A exemplo da Unisc e da UPF, que já oferecem Medicina, instituições de ensino privado do interior do estado enxergam nas novas diretrizes do MEC a oportunidade para ampliar suas ofertas de ensino e responder à falta de médicos nas respectivas comunidades. É o caso da Univates, de Lajeado, e da Urcamp, de Bagé e região. “Há uma grande carência de médicos voltados para a saúde coletiva, que não costuma entusiasmar muitos profissionais.
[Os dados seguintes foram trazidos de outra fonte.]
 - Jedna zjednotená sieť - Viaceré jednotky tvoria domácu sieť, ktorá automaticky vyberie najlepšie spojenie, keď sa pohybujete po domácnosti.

Nosso curso vai inserir o aluno no desempenho profissional junto às unidades básicas numa proporção de 1,4 mil horas do total de 9,3 mil horas da graduação para que o aluno conviva intensamente com os grupos familiares das pequenas comunidades, aprendendo a ouvi-las e a compreender a dinâmica saúde/doença para atuar com maior segurança no processo de cura e atuar na prevenção”, projeta Luiz Kehl, coordenador do curso de Medicina proposto ao MEC pela univates.
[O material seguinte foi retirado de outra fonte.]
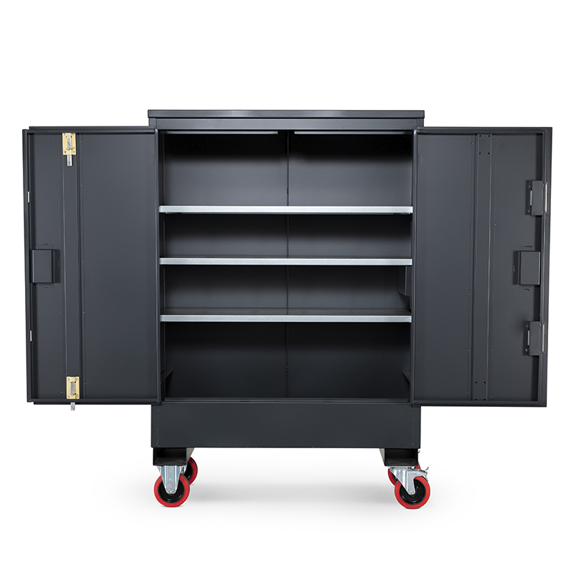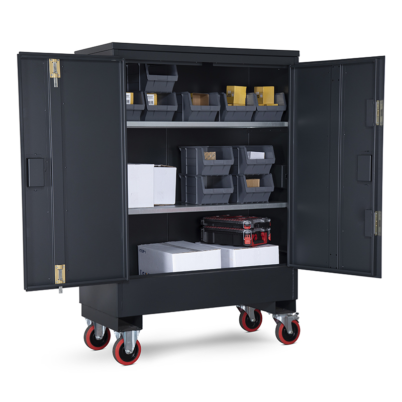 Inside, the FC3 features reinforced removable shelves, a base compartment for larger tools, and 15 lift-out fittings bins for sorting small components. Moving it around site is effortless thanks to heavy-duty castors and forklift skids, ensuring easy mobility wherever you need it.
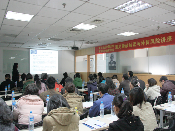 在世界經(jīng)濟(jì)技術(shù)一體化的進(jìn)程中,堅(jiān)定不移地實(shí)行對外開放,是加強(qiáng)我國現(xiàn)代化進(jìn)程的一條重要的強(qiáng)國之路,是我國的一項(xiàng)基本國策。為協(xié)助企業(yè)了解掌握國家對外貿(mào)易的相關(guān)政策法規(guī),以提升企業(yè)利潤,降低外貿(mào)風(fēng)險(xiǎn),3月25日,我會與江蘇宏坤關(guān)務(wù)咨詢有限公司聯(lián)合舉辦《海關(guān)新政與外貿(mào)風(fēng)險(xiǎn)》專題講座。來自臺塑網(wǎng)、南京紅太陽國際貿(mào)易、金陵船廠等37家會員單位共計(jì)60人參加。

Comunidades, assentamentos e aldeias

Aula prática na UPF, única IES privada do interior que já dispõe dessa oferta de ensino, além da Unisc

Fabiana Beltrami/Ascom UPF

Aula prática na UPF, única IES privada do interior
que já dispõe dessa oferta de ensino, além da Unisc

Fabiana Beltrami/Ascom UPF

A Universidade Federal da Fronteira Sul (UFFS) é a primeira do país a obter a autorização para a abertura da Medicina entre as federais. De acordo com o diretor do campus Passo Fundo, Vanderlei de Oliveira Farias, a instituição pretende formar médicos com perfil generalista, voltados para a prevenção, atenção e assistência básica de saúde durante toda a graduação. Antes o aluno fazia estágios no SUS e a formação era dentro de hospitais. Em Passo Fundo, o aluno não fará visitas. Sua formação será dentro do SUS. “A vida real da medicina não é o consultório”, aponta Farias. Em Sertão, município de 6,2 mil habitantes, os alunos irão conhecer a saúde em duas comunidades quilombolas e, em Pontão (3,8 mil habitantes), em dois assentamentos da reforma agrária; em Água Santa, que tem 3,7 mil habitantes, uma aldeia indígena
kaingang; em Ernestina, 3 mil habitantes, conhecerão a vida de agricultores familiares. Em Passo Fundo, que tem 200 mil habitantes, sede do campus, moradores de dois bairros urbanos serão acompanhados. O curso conta com convênios com dois hospitais- -escola, o São Vicente de Paulo e o Hospital da Cidade. O hospital municipal Doutor César Santos também será local de aprendizagem e de aulas práticas a partir do quinto semestre.Já a Universidade Federal do Pampa (Unipampa), que integra um acordo de cooperação técnica financiado pelo MEC, UFSM e UFPel para a ampliação da oferta de ensino superior na Metade Sul, projeta o início da Medicina para 2015, no campus de Uruguaiana, onde estão centralizadas 14 graduações da área da Saúde e pós-graduações em Farmácia e Bioquímica. A região de fronteira enfrenta a falta de médicos e dificuldades na retenção de profissionais, com fraco desempenho nas estratégias de saúde, explica a coordenadora, Odete Torres. “Não se trata apenas de humanizar a saúde, mas sim de valorizar a atenção básica, ampliar e qualificar esses serviços que são as portas de entrada ao sistema de saúde, aumentando a sua resolutividade e qualificando a atuação dos profissionais na atenção básica. Ganha a população, ganham os profissionais, ganha a saúde e o SUS”.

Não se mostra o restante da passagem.